• [WHAT IS NEEDED] Leaving out all pictures, transcribe the lines below exactly, from the first through the line containing "SSK, Bağ-Kur ve".

Segment Start: DATA SECTION

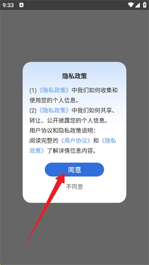 2、打开软件后,第一步需同意用户协议。
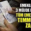 SSK, Bağ-Kur ve memur emeklileri ilk bin liralık bayram ikramiyelerini 7-8 Haziran'da cebine koydu. SSK ve Bağ-Kur emeklilerine Haziran'da maaşları da erken ödenerek, bayrama maaşlarıyla girme imkanı sağlandı. Emeklilere, Temmuz ayında da zam var. SSK ve Bağ-Kur emeklilerine bu yılın ilk 6 aylık döneminde gerçekleşen enflasyon kadar zam yapılacak. Memur emeklilerinin maaşlarına ise yüzde 3.5 zam + enflasyon farkı yansıtılacak. Zam oranları, 3 Temmuz'da belli olacak. SSK ve Bağ-Kur emeklileri, bu tarihlerde zamlarını öğrenip aylık ödeme günlerinde yeni maaşlarına kavuşacak. Memur emeklileri de ayın 1'i ile 5'i arasında maaşlarını alacak. Zam farkını ise daha sonradan Sosyal Güvenlik Kurumu'nun açıklayacağı tarihte cebine koyacak. emeklilerin ayrıca maaşlarıyla birlikte ek ödemeleri de artacak. Tüm emekliler her ay maaşlarının yüzde 4'ü, yüzde 5'i oranında ek ödeme alıyor. Temmuz'da maaşlar artacağı için ek ödeme de yükselecek..
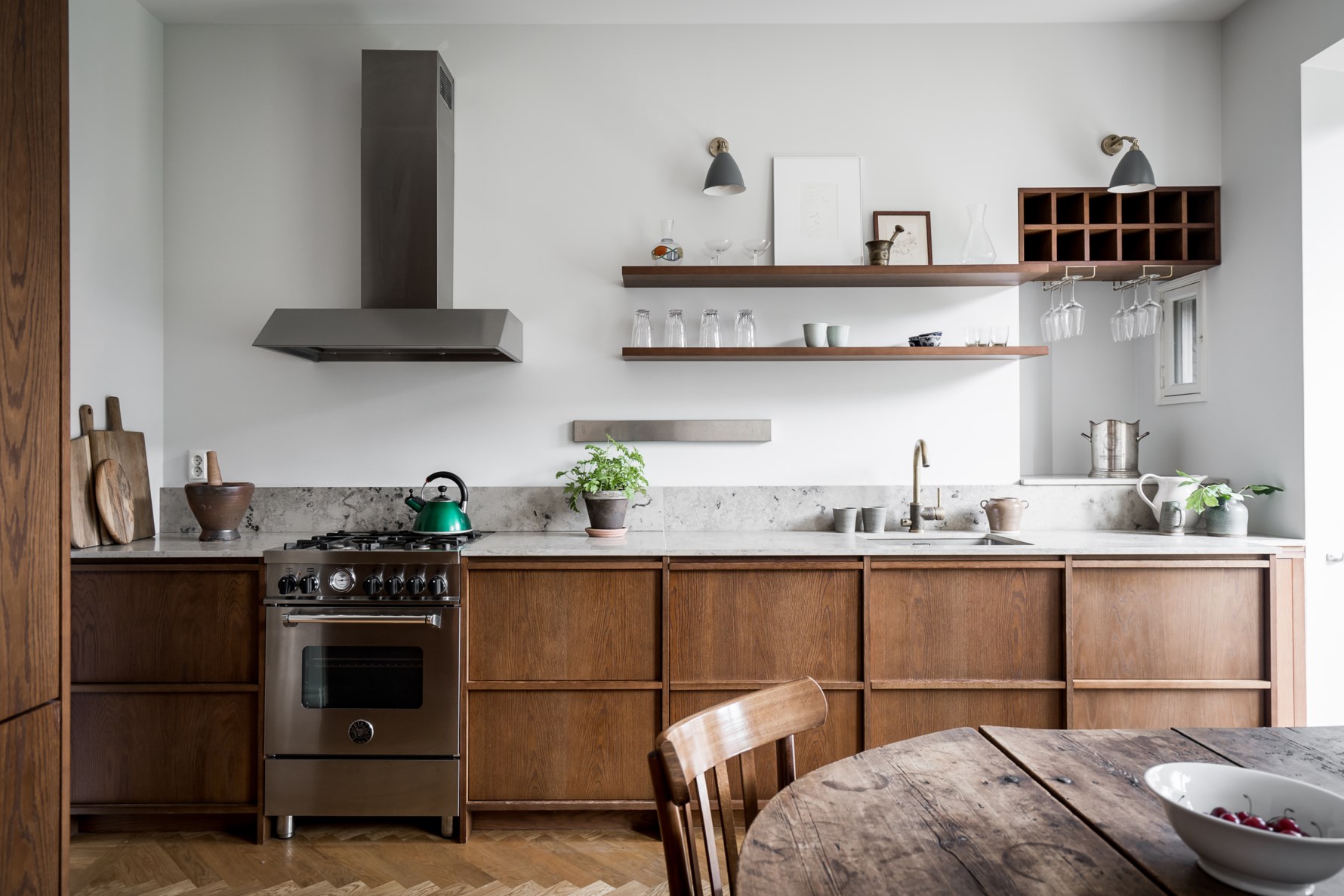 Det kunde vara ett kök någon annanstans i fjärran när skuggspel i drömskt dröjande ljus skimrar genom balkongens pardörrar över det rustikt minimalistiska köket med naturen som inspiration. Det platsbyggda köket från Nordiska kök kläds i varm mörkbetsad ek som tillsammans med kalkstenbänkskivan framhäver naturmaterialens harmoniska/jordiga balans och skapar en tidlös oas för hemmets hjärta. De starka kontrasterna skapar dynamik som gör köket unikt och personligt. Genom att låta material stå i kontrast till varandra fylls rummet med identitet och det vackra i minimalismen förstärks. Ett linjärt, naturinspirerat träkök med utanpåliggande ramverk i varma jordiga toner och eleganta detaljer. Kombinerad kyl och frys är integrerat bakom trädörrarna placerade i högskåp. Snickerierna består i huvudsak av underskåp med låda på skenor där förvaringsmöjligheterna är genomtänka med bland annat måttanpassade besticksatser helt efter lådans bredd för att optimera funktionen. I övrigt finns två dekorativa hyllplan och vitrinhängning, tydligt och funktionellt. Kökets mittpunkt förstärker det rustika intrycket som sätter den rätta finishen är den italienska gasspisen i rostfri design från Bertazzoni.
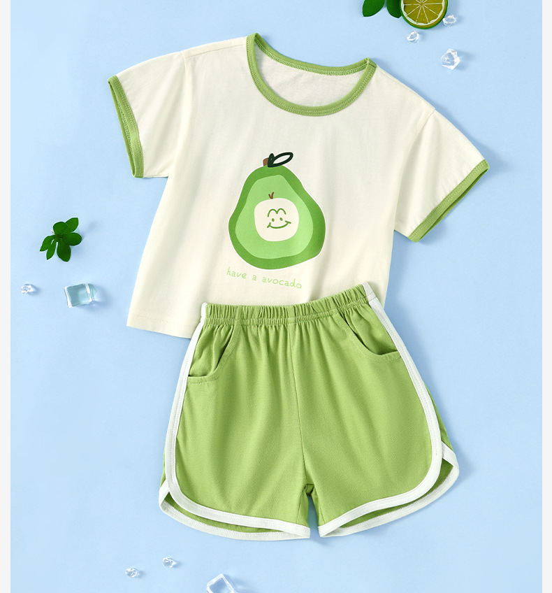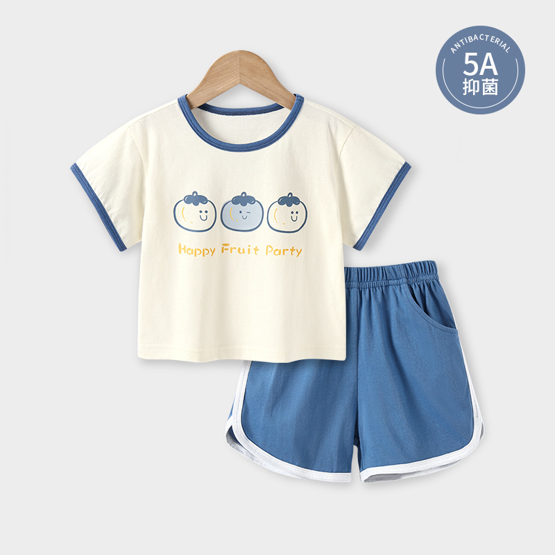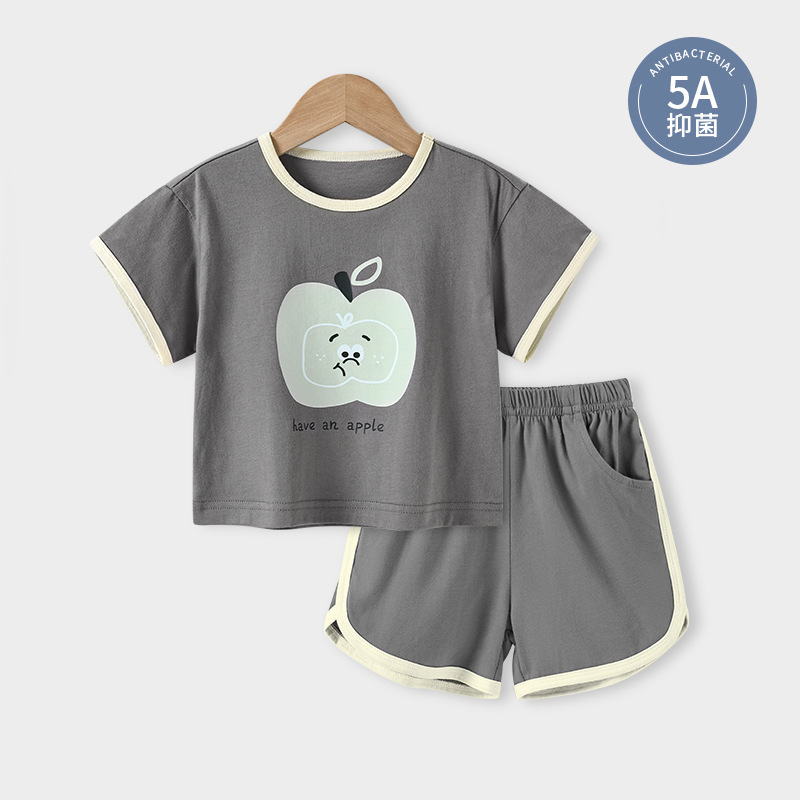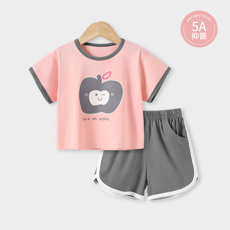 여름 새 어린이 코튼 티셔츠 중소형 어린이 반팔 세트 반팔 반바지 스포츠 2 종 소년 소녀를위한 세트

Segment End: DATA SECTION

• [TASK RESULT]
 2、打开软件后,第一步需同意用户协议。
 SSK, Bağ-Kur ve memur emeklileri ilk bin liralık bayram ikramiyelerini 7-8 Haziran'da cebine koydu. SSK ve Bağ-Kur emeklilerine Haziran'da maaşları da erken ödenerek, bayrama maaşlarıyla girme imkanı sağlandı. Emeklilere, Temmuz ayında da zam var. SSK ve Bağ-Kur emeklilerine bu yılın ilk 6 aylık döneminde gerçekleşen enflasyon kadar zam yapılacak. Memur emeklilerinin maaşlarına ise yüzde 3.5 zam + enflasyon farkı yansıtılacak. Zam oranları, 3 Temmuz'da belli olacak. SSK ve Bağ-Kur emeklileri, bu tarihlerde zamlarını öğrenip aylık ödeme günlerinde yeni maaşlarına kavuşacak. Memur emeklileri de ayın 1'i ile 5'i arasında maaşlarını alacak. Zam farkını ise daha sonradan Sosyal Güvenlik Kurumu'nun açıklayacağı tarihte cebine koyacak. emeklilerin ayrıca maaşlarıyla birlikte ek ödemeleri de artacak. Tüm emekliler her ay maaşlarının yüzde 4'ü, yüzde 5'i oranında ek ödeme alıyor. Temmuz'da maaşlar artacağı için ek ödeme de yükselecek..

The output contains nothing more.